3
votes

We have a PostgreSQL instance running in a VM in the Google Cloud. The nature of the queries that we run involves lots of PostgreSQL temporary table space. (5 or 6 or more TB of disk I/O every day)

This I/O continues to be a major bottleneck in our database. Currently I have it all happening on an SSD persistent disk - not because we need to save any of the data in the event of a reboot, but because PostgreSQL lays out a file structure on the disk that it then uses for the temporary tables and if the file structure is missing when the database starts up, it isn't very good.

What I'd like to do is configure the temporary tablespace on the local SSD's because of their much higher I/O throughput. Unfortunately, they get wiped out on every reboot. I'd like a simple way to be able to re-layout the disk after reboot and before PostgreSQL starts back up.

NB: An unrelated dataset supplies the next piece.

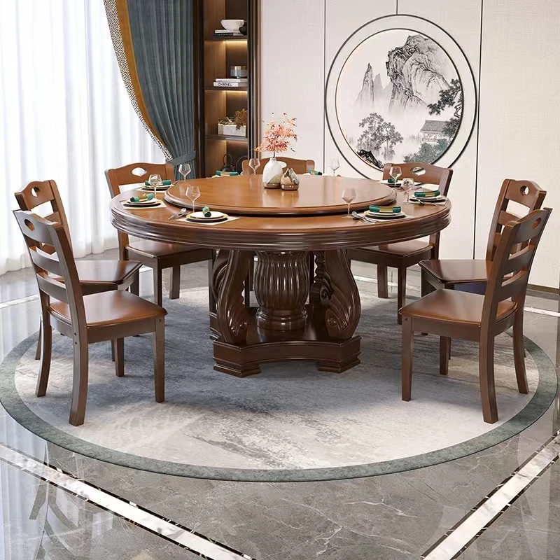 雅麦嘉新中式の実木製ラウンドダイニングテーブルセット - 回転式、10人用、家族やレストランに最適な大容量!快適でスタイリッシュな食卓を演出します。

I could tar up the empty file structure and then write a script that untars it after every boot. Does that make sense? Is there a better way/best practice for doing this?

What would be awesome is if there was a PostgreSQL extension out there that did this magically.

Ideas?

1
We were running the whole PG database on local SSDs on GCE for ~1 year. Speed was great. But later suddenly one of tables was corrupted and we did not find any explanation for it. Google explains that local SSDs do not have any error correction. And some comments on web seem to suggest that others had this problem too. So local SSDs are really fast but not 100% reliable over longer time...JosMac
But does that matter for temp space?rotten
Have you considered exporting the structure on every reboot rather than doing the tar up if that is suitable in your case?Taher
@nezda we have hot standby replica but only on Persistent SSDs. Our database on local SSDs was intended for heavy nightly calculations - to gain better speed. Beside it we maintained another the same database with persistent disks. After problems with files consistency on local SSDs we started to use Bigquery - price is similar, runtime much better.JosMac
We ran into driver issues with the SSD drives that caused random errors that the database could not recover from when it was under high load. We had to back out of the high performance volatile drive configuration and return to persistent drives in the interest of stability. I do not recommend doing this any more unless you don't mind the database locking up occasionally.rotten

1 Answers

5
votes

I dug a bit into my previous tests and here is some summary:

PostgreSQL tablespace is just a directory - no big deal. Plus - if you will use it only as temporary table space there will be no persistent file left when you shutdown database.

You can create tablespace for temp tables on any location you want and then go to this location and check directory structure to see what PG created. But you must do under OS because PG will show you only tablespace main directory - both \db+ in psql or select oid, spcname, pg_tablespace_location(oid) from pg_tablespace; work the same way.

My example:

  • (I used /tempspace/pgtemp as presumed mounting point) CREATE TABLESPACE p_temp OWNER xxxxxx LOCATION '/tempspace/pgtemp'; created in my case structure /tempspace/pgtemp/PG_10_201707211
  • I set temp_tablespaces = 'pg_temp' in postgresql.conf and reloaded configuration.
  • When I used create temp table .... PG added another subdirectory - /tempspace/pgtemp/PG_10_201707211/16393 = oid of schema - but this does not matter for temp tablespace because if this subdirectory will be missing PG will create it.
  • PG created in this subdir files for temp table.
  • When I closed this session files for temp table were gone.

Now I stopped PG and tested what would happened if directories will be missing:

  • I deleted PG_10_201707211 with its subdir
  • started PG and log showed message LOG: could not open tablespace directory "pg_tblspc/166827/PG_10_201707211": No such file or directory but PG started
  • I tried to create temp table - I got error message ERROR: could not create directory "pg_tblspc/166827/PG_10_201707211/16393": No such file or directory SQL state: 58P01
  • Now (with running PG) I issued these commands in OS:
    • sudo mkdir -p /tempspace/pgtemp/PG_10_201707211
    • sudo chown postgres:postgres -R /tempspace/pgtemp
    • sudo chmod 700 -R /tempspace/pgtemp
  • I tried to create temp table again and insert and select values and everything worked OK

So conclusion is - since PG tablespace is no "big magic" just directories you can simply create bash script running on linux startup which will check (and mount if necessary) local SSD and create necessary directories for PG temp tablespace.